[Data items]
────────

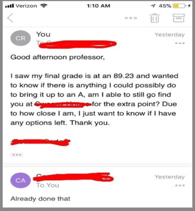 College students, in my opinion, are not customers, or entitled to their education, and teachers are not here to serve or please students. I do not believe that college students should be treated or perceived as customers nor should they be taught in an environment that breeds the ethic “the customer is always right.” In my class, a student is treated as an adult and as a team player. Students are free to discuss issues and problems as they arise with me and receive my honest, objective opinions. Students in my courses are able to communicate with me via email, by calling me at my home and/or office phone number, or through my personal and/or course web sites.
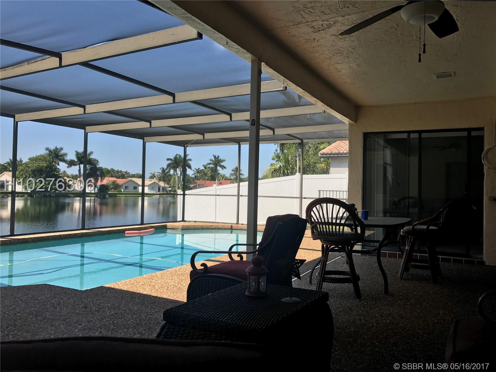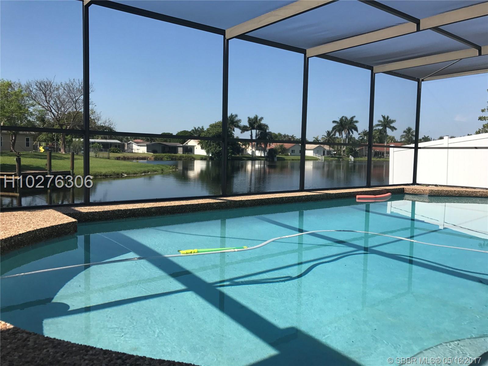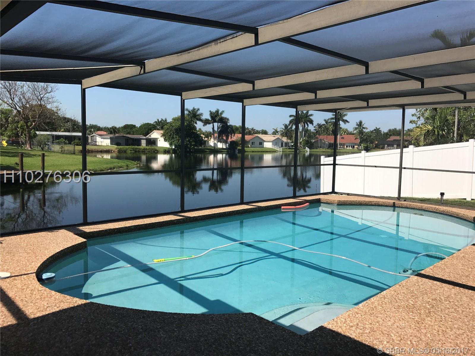 Home in mint condition. 3/2 with 2 Car Garage, pool and lake. Tile flooring in living area, laminated wood flooring in the bedrooms. Tastefully upgraded kitchen, big family room adjacent to kitchen. Sunken living room. Beautiful lake and pool view from dining room and kitchen. Separate laundry room by garage. Big patio area by pool area for entertaining. Don't miss it.
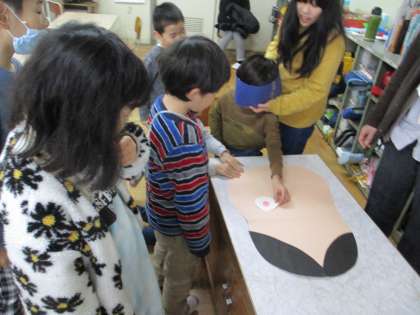 活動が始まると、みんなで作った福笑いをして笑ったり、ペットボトルボーリングや風船羽根つきをしたりして、一緒に楽しみました。
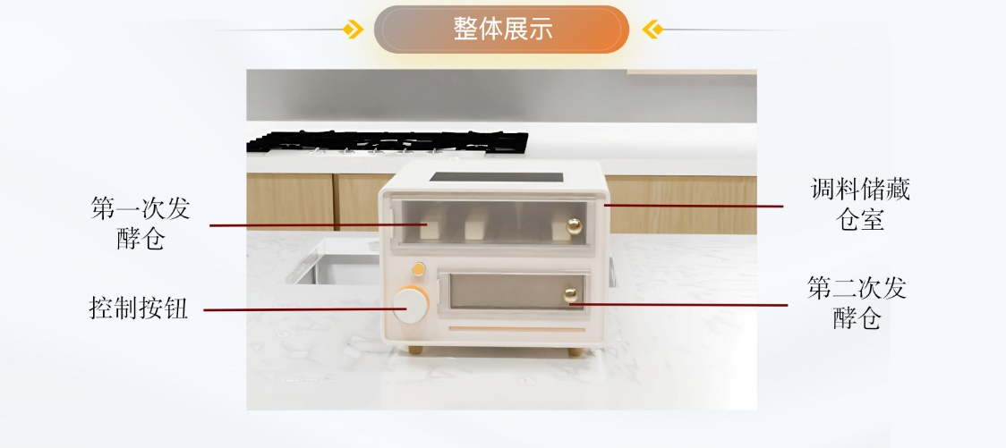 由刘雨棠、刘昕柔团队设计的“酶界管家Pro-智能家用酶活管理与发酵机器人”项目荣获省赛三等奖,该项目通过多风味自动化生产、智能环境调控及变质预警技术,实现标准化安全化制作,适用于家庭厨房、餐饮作坊及文化体验场景,推动传统美食智能化传承。机器人结构如图所示。
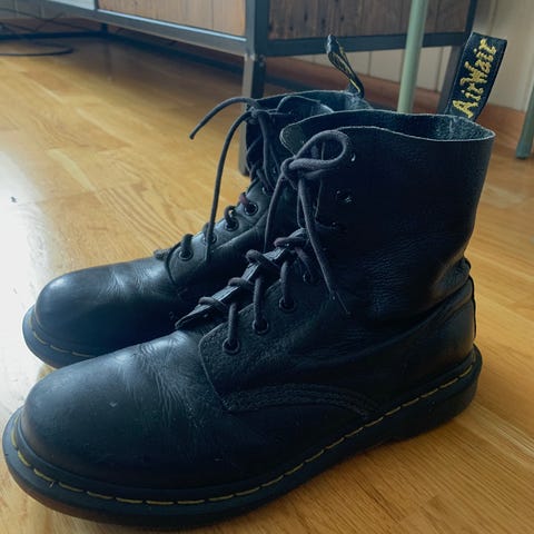 Dr. Martens støvler i størrelse 41. Støvlene er svarte og laget av skinn. Ikke foret.

────────

TASK GOAL:
Strip the images and reproduce the remaining records precisely.

FINISHED TASK:
 College students, in my opinion, are not customers, or entitled to their education, and teachers are not here to serve or please students. I do not believe that college students should be treated or perceived as customers nor should they be taught in an environment that breeds the ethic “the customer is always right.” In my class, a student is treated as an adult and as a team player. Students are free to discuss issues and problems as they arise with me and receive my honest, objective opinions. Students in my courses are able to communicate with me via email, by calling me at my home and/or office phone number, or through my personal and/or course web sites.
 Home in mint condition. 3/2 with 2 Car Garage, pool and lake. Tile flooring in living area, laminated wood flooring in the bedrooms. Tastefully upgraded kitchen, big family room adjacent to kitchen. Sunken living room. Beautiful lake and pool view from dining room and kitchen. Separate laundry room by garage. Big patio area by pool area for entertaining. Don't miss it.
 活動が始まると、みんなで作った福笑いをして笑ったり、ペットボトルボーリングや風船羽根つきをしたりして、一緒に楽しみました。
 由刘雨棠、刘昕柔团队设计的“酶界管家Pro-智能家用酶活管理与发酵机器人”项目荣获省赛三等奖,该项目通过多风味自动化生产、智能环境调控及变质预警技术,实现标准化安全化制作,适用于家庭厨房、餐饮作坊及文化体验场景,推动传统美食智能化传承。机器人结构如图所示。
 Dr. Martens støvler i størrelse 41. Støvlene er svarte og laget av skinn. Ikke foret.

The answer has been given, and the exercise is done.